I was in CC yesterday. Fished for crappie about 4 hrs total, struck out on saugeye the other 4. Caught about 40 with 6 keeps. Awesome keeper ratio huh? Found plenty of big schools but couldn’t get them to eat. The two schools I got chewing were smaller and in 14 feet. But I saw fish in trees sitting in 50 feet, all the way to less than 10 ft. Schools of small shad everywhere in the backs of coves. 
I was at Alum last Weekend, and couldn’t find any crappie. I have about 20 locations there that had schools stacked on them all summer, and they were gone.


----------



## Rooster (Apr 8, 2004)

Nice day, so I planned a day off at Cowan. I was lazy and went with the bobbers. Could not find the crappie in the normal trees, and started on the gills. It was non stop action. Most were small, but plenty of hand sized gill. Also found a half dozen crappie while playing with the gills. Nothing big, but they were all in the 10" range. All fish were caught on ice jigs & 1" gulp minnows in less than 2 FOW.

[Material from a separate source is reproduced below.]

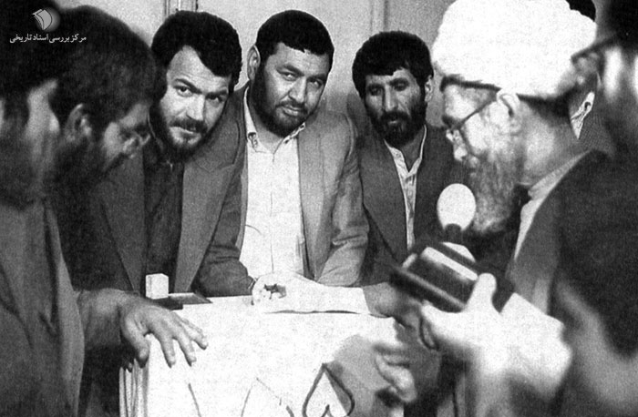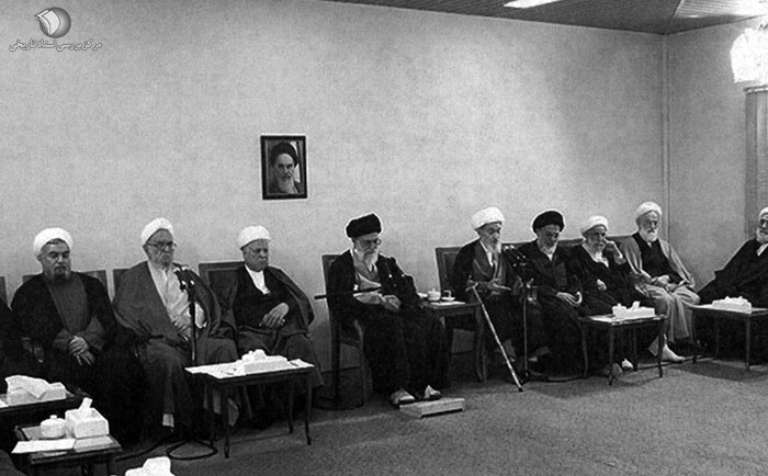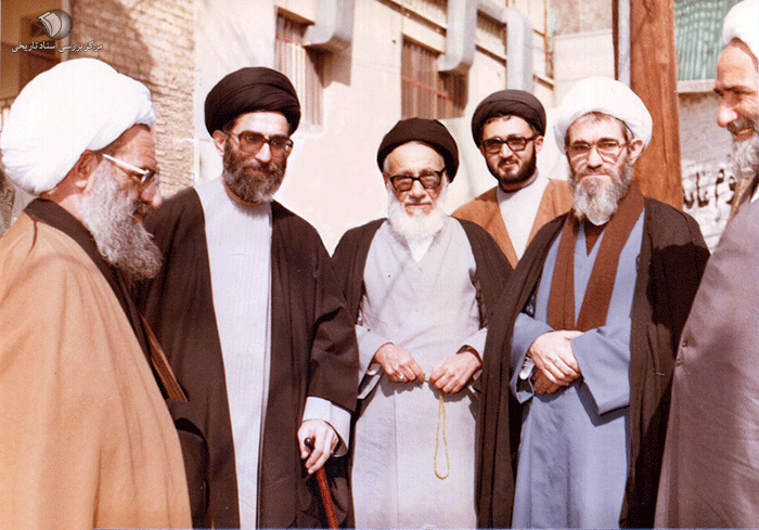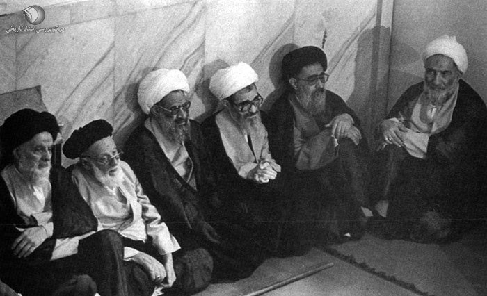 از چپ به راست: آیتالله مسلم ملکوتی، رهبر معظم انقلاب اسلامی، آیتالله روحالله خاتمی، حجت الاسلام سید علی قاضی عسکر، آیتالله علی مشکینی، آیتالله محمدرضا توسلی

Sent from my SM-G950U using Tapatalk


----------



## crappiedude (Mar 12, 2006)

Hey Rooster, do you know what the water temp is?


----------



## Rooster (Apr 8, 2004)

Sorry, I didn't get a temp reading (didn't take the sonar).


----------



## Lil Crappy (Jun 1, 2020)

9Left said:


> been getting a few decent fish(10") at CC in 10' depth.


Cranks same depth! 10”-12 1/2” not a lot but good size!


----------



## Rooster (Apr 8, 2004)

Any updates? Going somewhere tomorrow.


----------



## fishwhacker (Jul 16, 2010)

Been getting and seeing a few keepers at GLSM lately. Pink leadhead and pearl shad bodies. Water level is low. Good luck.


----------



## Tom Thesing (Mar 10, 2019)

This might be too late, but I've been on east fork the past few weeks, fishing standing timber 12-15 in 20-30fow, transitioning areas soon


----------